Presiden Prancis Emmanuel Macron mengatakan inisiatif tersebut akan berfokus pada pembentukan “misi multinasional damai” untuk mengamankan jalur maritim melalui jalur air strategis tersebut, menekankan upaya tersebut akan “murni defensif” dan terpisah dari pihak-pihak yang terlibat dalam konflik.
Misi tersebut dimaksudkan untuk dikerahkan "sesegera setelah keadaan memungkinkan."
Pengumuman itu merupakan bagian dari upaya Prancis yang lebih luas untuk mendorong resolusi diplomatik terhadap konflik yang meningkat di Timur Tengah.
Dilansir ANTARA dari Anadolu, Senin, 13 April, Macron menekankan "tidak ada upaya yang boleh diabaikan" untuk mencapai penyelesaian yang cepat dan langgeng melalui diplomasi, menyerukan kerangka kerja yang memungkinkan semua pihak di kawasan tersebut untuk hidup dalam perdamaian dan keamanan.

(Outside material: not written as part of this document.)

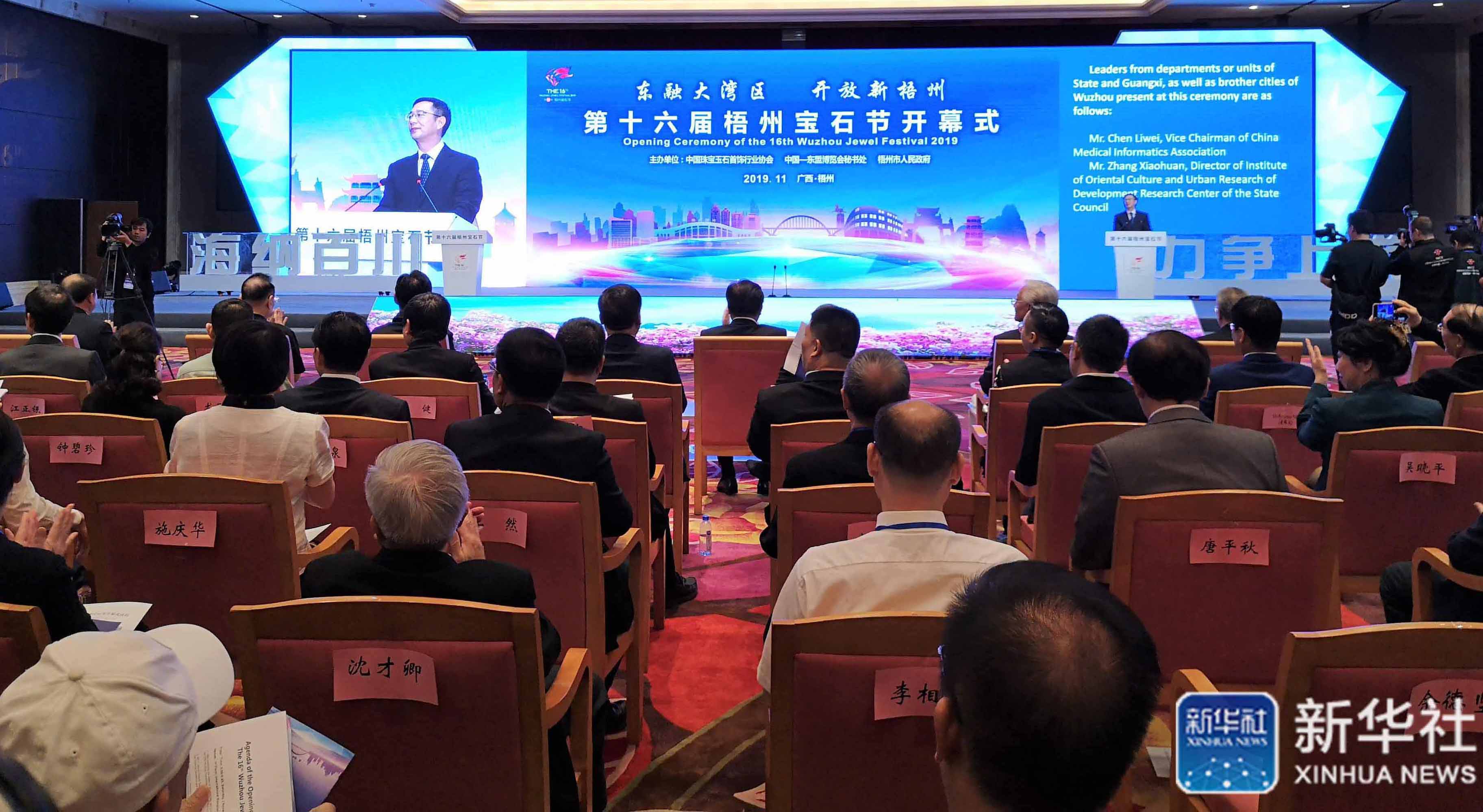 硕果飘香迎盛会,宝石璀璨谱华章。由中国珠宝玉石首饰行业协会、中国—东盟博览会秘书处、梧州市人民政府共同主办的第十六届梧州宝石节在梧州市拉开序幕,来自海内外的3000多名嘉宾同赴盛会,共叙情谊、共谋合作、共享商机,共同领略“世界人工宝石之都”的风采。自治区政协副主席、自治区科协主席黄日波致辞并宣布开幕。中国珠宝玉石首饰行业协会会长徐德明、功勋会长陈洲其、副会长兼秘书长毕立君,自治区原副主席雷宇,自治区人大常委会原副主任荣仕星,中科投资有限公司董事长吴晓平,市委书记、市人大常委会主任全桂寿,中国—东盟博览会秘书处副秘书长、广西国际博览事务局副局长时祖耀等领导出席开幕式。市委副书记、市长李杰云主持开幕式。

Dia menggarisbawahi solusi jangka panjang apa pun harus mengatasi isu-isu utama, termasuk aktivitas nuklir dan rudal balistik Iran, tindakan regionalnya, dan kebutuhan mendesak untuk memulihkan "navigasi bebas dan tanpa hambatan" di Selat Hormuz.
Macron juga menunjuk pada pentingnya menstabilkan Lebanon, dengan mengatakan negara itu harus kembali ke jalan perdamaian dengan menghormati sepenuhnya kedaulatan dan integritas wilayahnya.
Menegaskan kembali posisi Prancis, dia mengatakan Paris siap untuk "memainkan peran penuhnya" dalam upaya diplomatik dan keamanan, seperti yang telah diupayakan sejak awal konflik.